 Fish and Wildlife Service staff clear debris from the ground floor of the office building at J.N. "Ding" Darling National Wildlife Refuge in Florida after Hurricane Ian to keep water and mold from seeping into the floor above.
▬▬▬▬▬▬▬▬▬▬
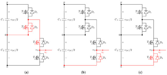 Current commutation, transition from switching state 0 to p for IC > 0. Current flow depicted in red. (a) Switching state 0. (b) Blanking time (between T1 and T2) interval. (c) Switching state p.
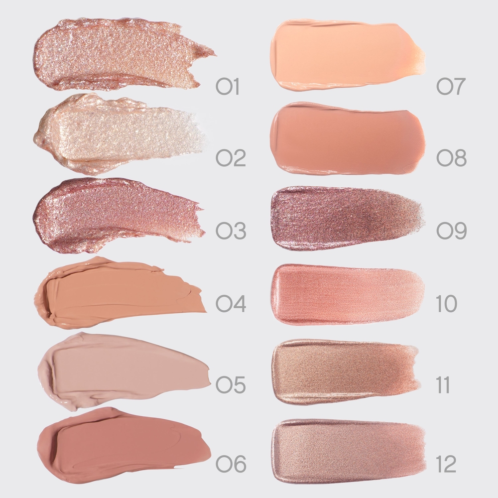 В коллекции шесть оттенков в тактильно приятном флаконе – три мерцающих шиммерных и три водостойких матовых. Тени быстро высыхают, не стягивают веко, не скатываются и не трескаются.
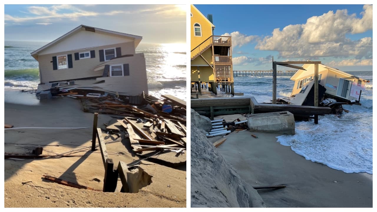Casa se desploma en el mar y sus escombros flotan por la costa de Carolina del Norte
▬▬▬▬▬▬▬▬▬▬
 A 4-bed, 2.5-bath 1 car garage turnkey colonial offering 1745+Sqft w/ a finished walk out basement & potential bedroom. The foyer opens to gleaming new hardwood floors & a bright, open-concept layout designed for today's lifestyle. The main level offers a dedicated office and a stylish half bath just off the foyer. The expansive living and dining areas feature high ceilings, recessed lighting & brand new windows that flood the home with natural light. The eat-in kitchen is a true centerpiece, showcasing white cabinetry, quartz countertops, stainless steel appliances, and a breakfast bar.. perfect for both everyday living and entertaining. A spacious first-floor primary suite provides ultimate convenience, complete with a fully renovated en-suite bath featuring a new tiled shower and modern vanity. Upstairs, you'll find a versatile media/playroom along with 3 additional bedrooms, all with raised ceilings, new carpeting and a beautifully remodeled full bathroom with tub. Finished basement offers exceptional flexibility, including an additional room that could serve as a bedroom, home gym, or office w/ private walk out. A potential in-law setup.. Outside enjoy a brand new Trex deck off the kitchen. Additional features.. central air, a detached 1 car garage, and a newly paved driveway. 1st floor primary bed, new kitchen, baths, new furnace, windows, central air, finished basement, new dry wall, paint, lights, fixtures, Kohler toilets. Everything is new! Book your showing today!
▬▬▬▬▬▬▬▬▬▬
_WHAT TO PRODUCE_
In the entries above, locate every line with the word "office" and copy it.

_EXERCISE RESPONSE_
 Fish and Wildlife Service staff clear debris from the ground floor of the office building at J.N. "Ding" Darling National Wildlife Refuge in Florida after Hurricane Ian to keep water and mold from seeping into the floor above.
 A 4-bed, 2.5-bath 1 car garage turnkey colonial offering 1745+Sqft w/ a finished walk out basement & potential bedroom. The foyer opens to gleaming new hardwood floors & a bright, open-concept layout designed for today's lifestyle. The main level offers a dedicated office and a stylish half bath just off the foyer. The expansive living and dining areas feature high ceilings, recessed lighting & brand new windows that flood the home with natural light. The eat-in kitchen is a true centerpiece, showcasing white cabinetry, quartz countertops, stainless steel appliances, and a breakfast bar.. perfect for both everyday living and entertaining. A spacious first-floor primary suite provides ultimate convenience, complete with a fully renovated en-suite bath featuring a new tiled shower and modern vanity. Upstairs, you'll find a versatile media/playroom along with 3 additional bedrooms, all with raised ceilings, new carpeting and a beautifully remodeled full bathroom with tub. Finished basement offers exceptional flexibility, including an additional room that could serve as a bedroom, home gym, or office w/ private walk out. A potential in-law setup.. Outside enjoy a brand new Trex deck off the kitchen. Additional features.. central air, a detached 1 car garage, and a newly paved driveway. 1st floor primary bed, new kitchen, baths, new furnace, windows, central air, finished basement, new dry wall, paint, lights, fixtures, Kohler toilets. Everything is new! Book your showing today!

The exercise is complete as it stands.